Exercise goal
Repeat only what runs from the line with "Rapid core-stay drills" through the last line of the data below, both included, keeping every word as it is and leaving out the pictures.

----- Record extracts -----

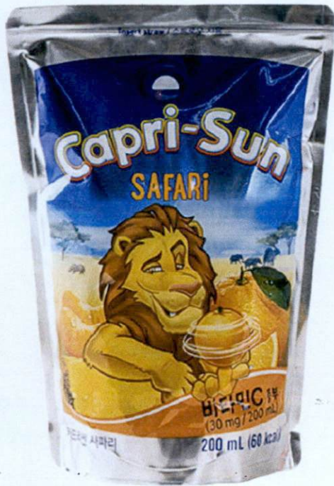
Figure 2. Unregistered CAPRI-SUN Safari Juice Drink
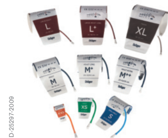
Single patient use cuffs

Regardless of the application, you can find a Dräger blood pressure cuff that can suit your patient needs. These quality cuffs can help you increase your efficiency, support hospital hygiene and improve patient comfort.
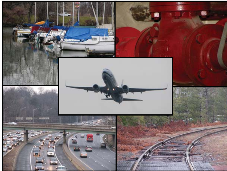
Figure 7. NTSB Investigative Modes: Aviation, Marine, Pipeline, Railroad, and Highway
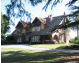
EDRINGTON SOHE 2008
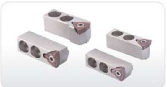
Rapid core-stay drills with alternative setting plates
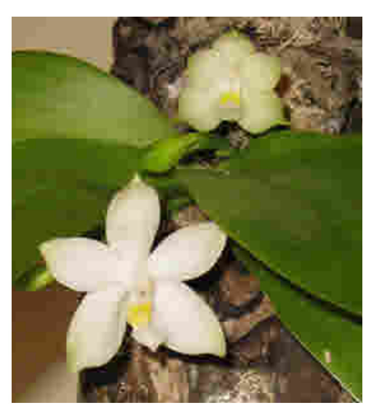
Phalaenopsis violacea var. alba

Red – Phalaenopsis Spica 'Crestwood' AM/AOS – Cheryl Bruce
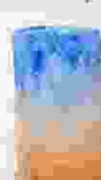
Blue and Orange Paper
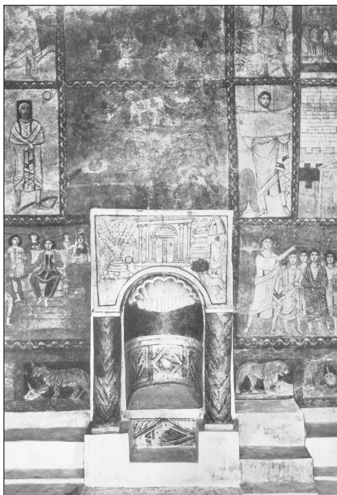
Figure 5. a. Baptismal font on the western wall of the baptistry in the Christian building at Dura Europos.
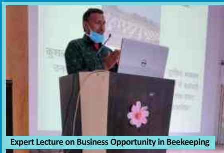
Expert Lecture on Business Opportunity in Beekeeping

-----

Expected answer
Rapid core-stay drills with alternative setting plates
Phalaenopsis violacea var. alba

Red – Phalaenopsis Spica 'Crestwood' AM/AOS – Cheryl Bruce
Blue and Orange Paper
Figure 5. a. Baptismal font on the western wall of the baptistry in the Christian building at Dura Europos.
Expert Lecture on Business Opportunity in Beekeeping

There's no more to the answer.